▶ _Instructions for the task_: Write out the lines of the material below exactly, beginning at the line with "就像是女主持宝晓峰,曾穿过一" and stopping after the line with "GOJOOASIS Grey 6PCS", and leave out the pictures.

▶ _Information given_:
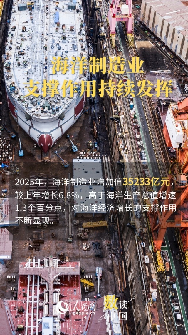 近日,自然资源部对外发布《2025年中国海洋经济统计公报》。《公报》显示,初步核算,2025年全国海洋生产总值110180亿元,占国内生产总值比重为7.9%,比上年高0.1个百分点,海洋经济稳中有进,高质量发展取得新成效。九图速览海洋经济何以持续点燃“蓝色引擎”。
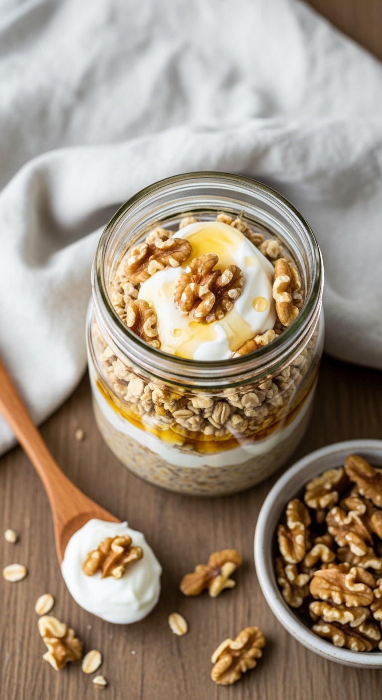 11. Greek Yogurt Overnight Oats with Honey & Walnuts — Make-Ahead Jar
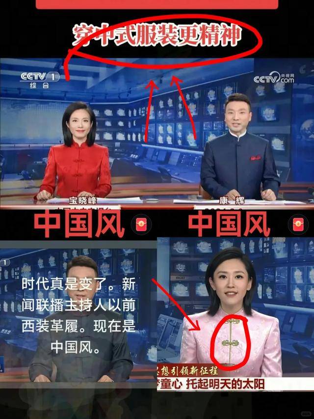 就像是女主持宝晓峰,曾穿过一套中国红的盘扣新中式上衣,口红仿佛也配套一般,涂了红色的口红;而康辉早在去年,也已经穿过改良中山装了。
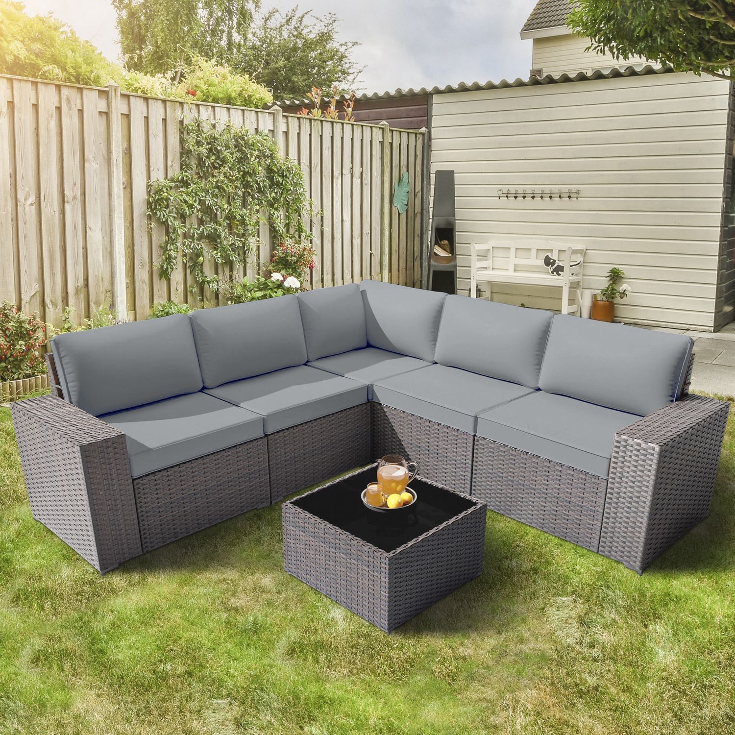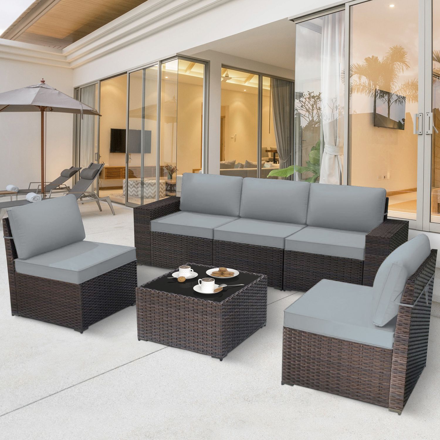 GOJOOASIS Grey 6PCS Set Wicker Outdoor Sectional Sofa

...

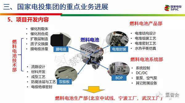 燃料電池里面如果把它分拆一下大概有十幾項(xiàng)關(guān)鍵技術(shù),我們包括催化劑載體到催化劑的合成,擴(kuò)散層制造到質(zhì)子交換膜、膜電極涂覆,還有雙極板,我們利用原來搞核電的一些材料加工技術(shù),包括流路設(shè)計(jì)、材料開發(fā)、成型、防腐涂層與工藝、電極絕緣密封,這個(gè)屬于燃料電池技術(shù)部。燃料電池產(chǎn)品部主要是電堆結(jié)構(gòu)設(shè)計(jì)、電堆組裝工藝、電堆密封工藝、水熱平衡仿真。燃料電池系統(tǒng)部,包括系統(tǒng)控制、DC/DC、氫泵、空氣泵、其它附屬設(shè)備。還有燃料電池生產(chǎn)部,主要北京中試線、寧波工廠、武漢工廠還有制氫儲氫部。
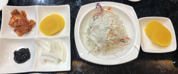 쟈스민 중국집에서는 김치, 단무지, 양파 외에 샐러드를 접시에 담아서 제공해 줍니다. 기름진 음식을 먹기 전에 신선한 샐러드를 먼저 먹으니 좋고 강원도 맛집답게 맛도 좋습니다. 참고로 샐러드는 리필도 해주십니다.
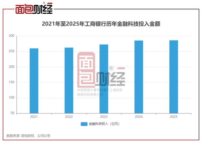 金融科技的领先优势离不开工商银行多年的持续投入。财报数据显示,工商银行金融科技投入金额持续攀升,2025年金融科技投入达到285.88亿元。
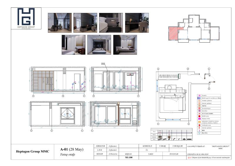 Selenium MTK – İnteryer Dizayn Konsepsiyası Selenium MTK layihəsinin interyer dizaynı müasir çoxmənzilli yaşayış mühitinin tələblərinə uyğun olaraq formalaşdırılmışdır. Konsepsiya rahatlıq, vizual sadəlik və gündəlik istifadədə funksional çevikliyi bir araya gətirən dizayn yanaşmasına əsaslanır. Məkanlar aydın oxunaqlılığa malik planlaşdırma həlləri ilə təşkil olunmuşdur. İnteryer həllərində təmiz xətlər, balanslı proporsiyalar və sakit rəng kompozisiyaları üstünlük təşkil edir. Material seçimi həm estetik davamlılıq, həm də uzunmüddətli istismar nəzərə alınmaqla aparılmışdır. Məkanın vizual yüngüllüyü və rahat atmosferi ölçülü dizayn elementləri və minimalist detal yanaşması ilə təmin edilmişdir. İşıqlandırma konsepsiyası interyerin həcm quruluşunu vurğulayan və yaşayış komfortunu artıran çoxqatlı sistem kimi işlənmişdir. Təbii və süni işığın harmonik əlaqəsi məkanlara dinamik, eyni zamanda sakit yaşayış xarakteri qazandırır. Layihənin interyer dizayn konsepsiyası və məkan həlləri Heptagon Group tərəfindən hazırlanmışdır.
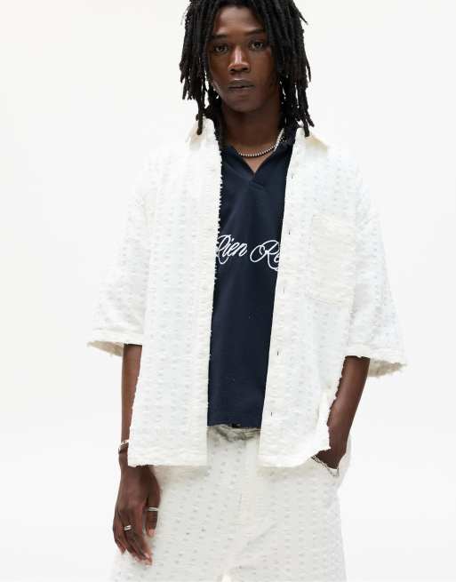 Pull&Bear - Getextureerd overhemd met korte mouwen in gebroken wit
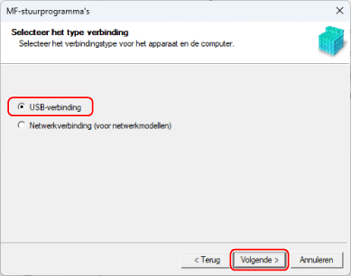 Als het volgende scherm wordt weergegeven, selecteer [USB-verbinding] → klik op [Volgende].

▶ _The completed task_:
 就像是女主持宝晓峰,曾穿过一套中国红的盘扣新中式上衣,口红仿佛也配套一般,涂了红色的口红;而康辉早在去年,也已经穿过改良中山装了。
 GOJOOASIS Grey 6PCS Set Wicker Outdoor Sectional Sofa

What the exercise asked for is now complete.